Several recent end-to-end text-to-speech (TTS) models enabling single-stage training and parallel sampling have been proposed, but their sample quality does not match that of two-stage TTS systems. In this work, we present a parallel end-to-end TTS method that generates more natural sounding audio than current two-stage models. Our method adopts variational inference augmented with normalizing flows and an adversarial training process, which improves the expressive power of generative modeling. We also propose a stochastic duration predictor to synthesize speech with diverse rhythms from input text.
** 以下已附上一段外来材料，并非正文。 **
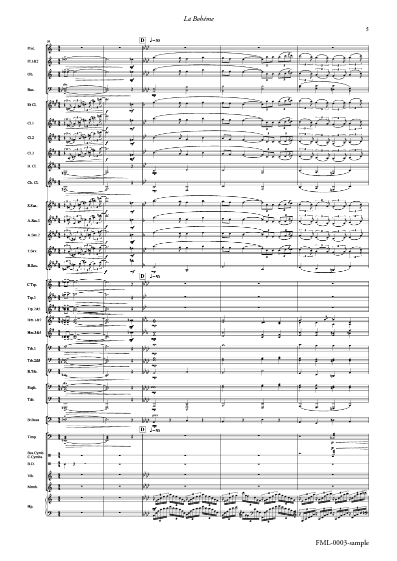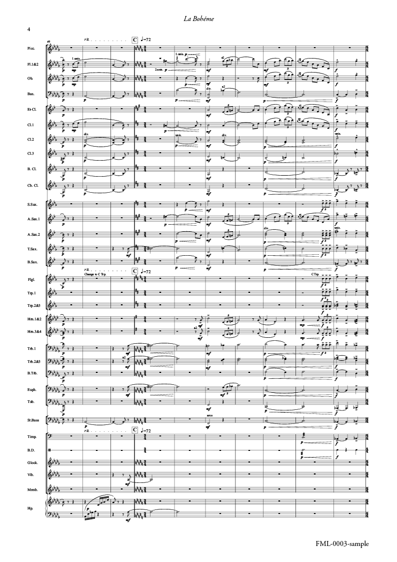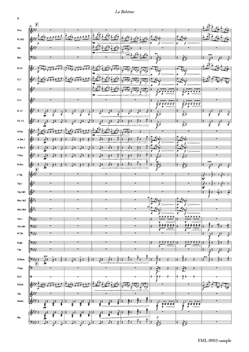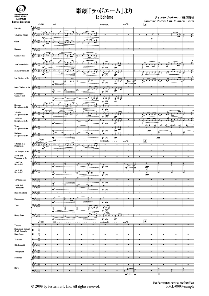 この編曲には、「冷たい手を」「おや!ムゼッタだ!」「ガヴォットだ!メヌエットだ!」「私の名はミミ」を取り上げ、1 曲にまとめてあります。演奏する場合、各場面を分けて考えるのではなく、1 曲の曲として演奏してください。音色の美しさや歌心などの音楽的な面でもかなり勉強になる曲だと思います、是非、「音楽する」ということを実感しながら演奏してみてください。(樽屋雅徳)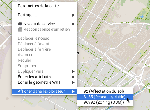 Il est aussi possible d'ouvrir l'explorateur d'éléments en faisant un **clic droit sur un élément de la carte** et en sélectionnant l'item **Afficher dans l'explorateur**. L'explorateur d'éléments s'ouvrira et sélectionnera la rangée d'attributs correspondant à l'élément. À l'inverse, un double-clic sur une rangée de la table causera un zoom sur l'élément correspondant sur la carte et celui-ci clignotera brièvement.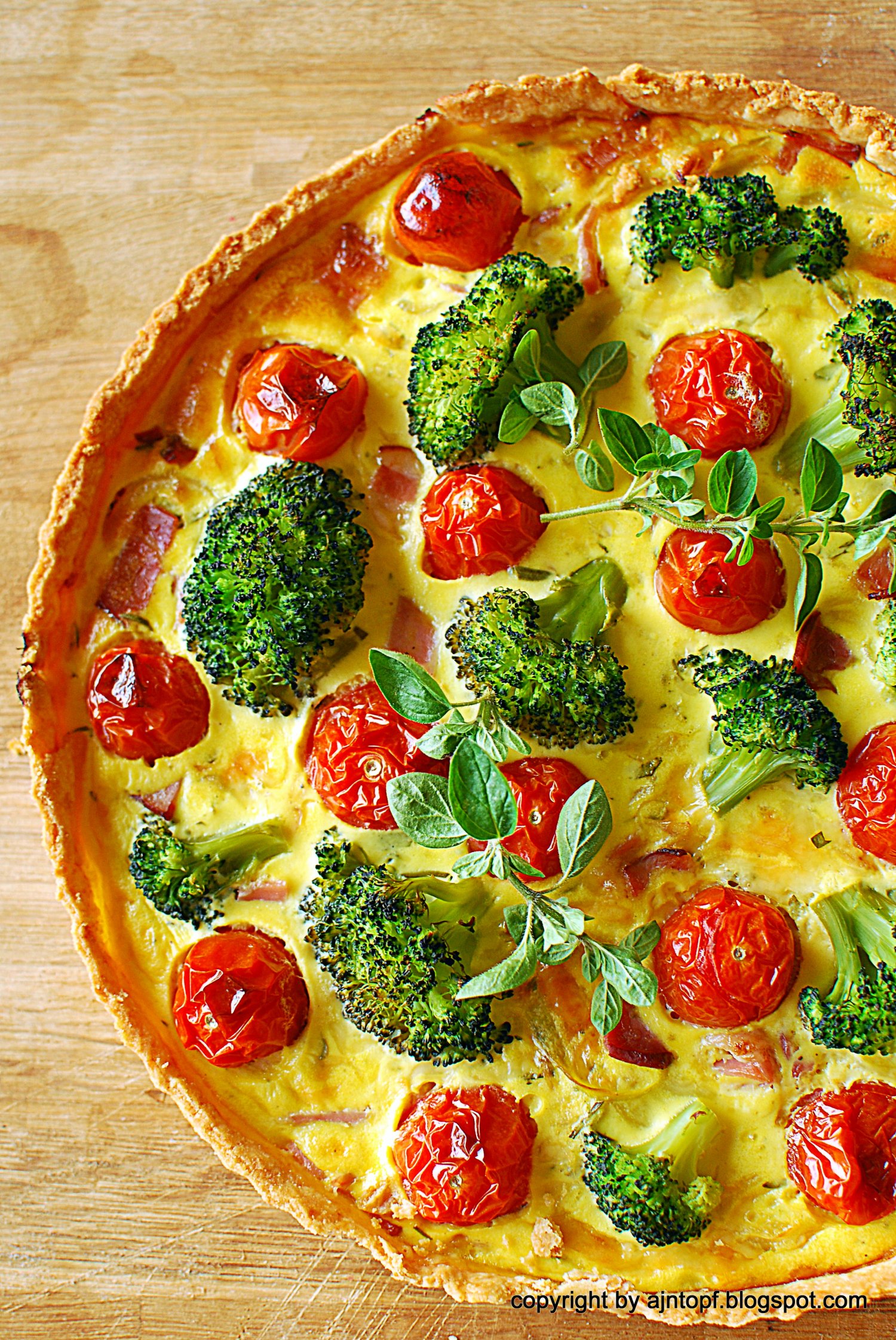 Na ostudzone ciasto wylejcie masę z jajek, rozprowadźcie łopatką. Ułóżcie brokuły, szynkę i pomidorki. Wstawcie do pieca rozgrzanego do 180'C na ok. 40 minut. Posypcie świeżym oregano. Smacznego!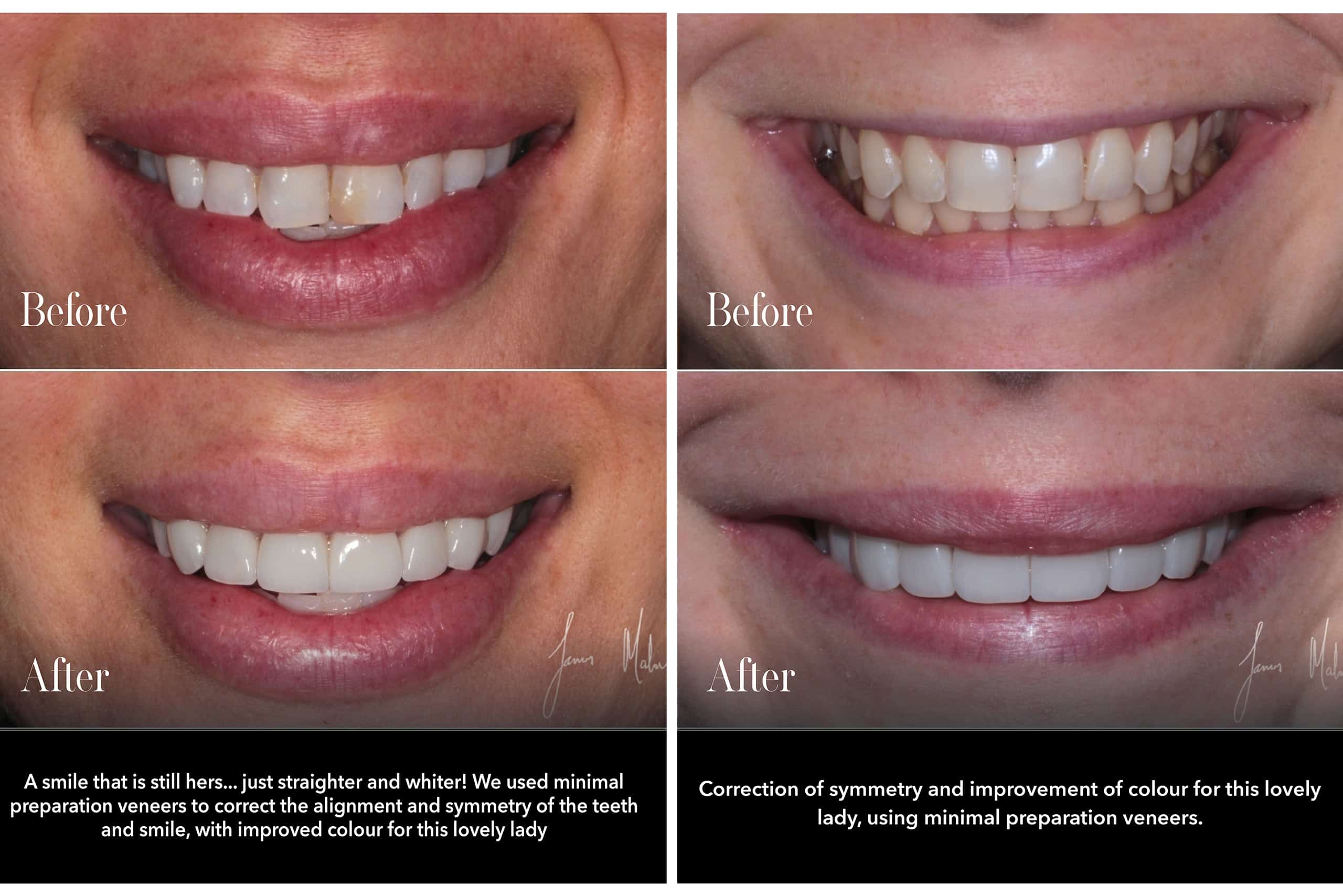 Veneers are a leading cosmetic treatment because they deliver immediate improvements in colour, shape and symmetry. Veneers are thin shells placed over the front of teeth and are ideal for fixing chips, worn enamel, gaps, uneven edges and deep staining.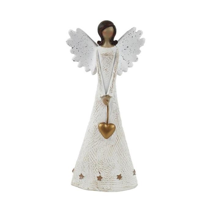Anděl stojící se srdcem a hvězdami polyresinový zlato-bílý 14cm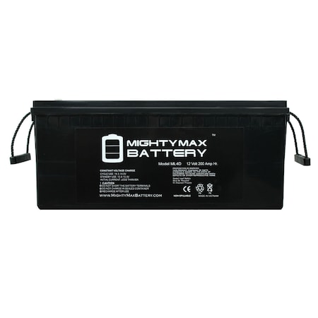 Delivering power when you need it, the Mighty Max ML4D 12 Volt 200 AH uses a state of the art, heavy-duty, calcium-alloy grid that provides exceptional performance and service life in both float and cyclic applications.<br>The ML4D is an Absorbent Glass Mat (AGM) technology with a valve regulated design, that can be used in enclosed and indoor environments without leaking or maintenance, providing a superior performance for thousands of models.<br>Mighty Max SLA batteries are utilized in a wide variety of applications including; Consumer Electronics, Electric Vehicles, Engine Starters, Golf Carts, Hunting, Lawn and Garden Tools, Medical Mobility, Motorcycles, Power sports, Portable Tools, Solar, Toys and Hobby, Access Control Devices, Emergency Lighting, Security and more.<br>Specifications: <br>Voltage: 12 Volt<br>Amperage: 200 AH<br>Chemistry: SLA, AGM<br>Battery Dimensions: <br>20.87 in x 9.45 in x 8.74 in<br>Weight: 114.60 Lbs<br>Warranty<br>1 Year. <br/>Genuine Mighty Max battery Product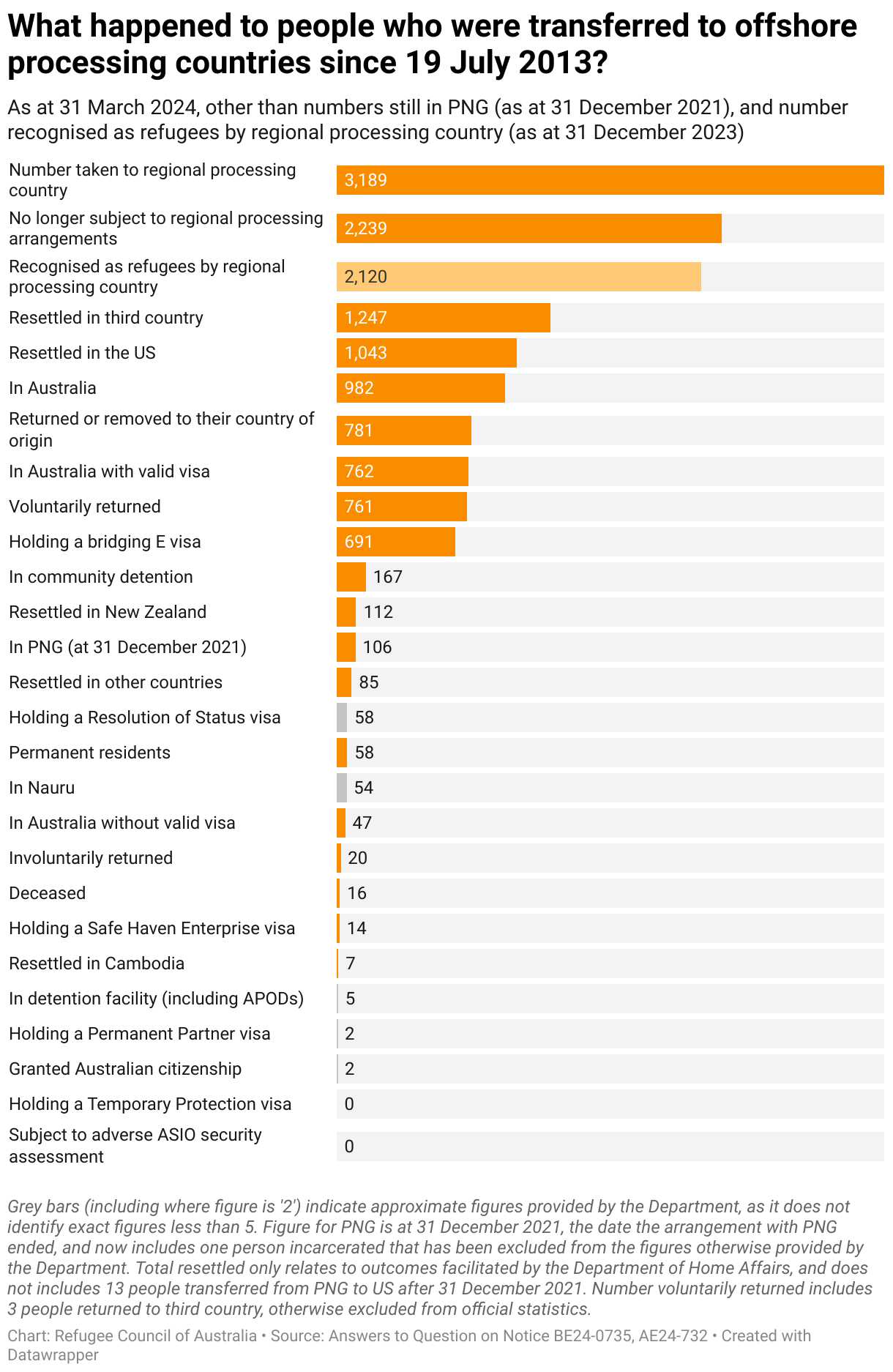 As at 31 March 2024, other than numbers still in PNG (as at 31 December 2021), and number recognised as refugees by regional processing country (as at 31 December 2023)

With the uncertainty modeling over latent variables and the stochastic duration predictor, our method expresses the natural one-to-many relationship in which a text input can be spoken in multiple ways with different pitches and rhythms. A subjective human evaluation (mean opinion score, or MOS) on the LJ Speech, a single speaker dataset, shows that our method outperforms the best publicly available TTS systems and achieves a MOS comparable to ground truth.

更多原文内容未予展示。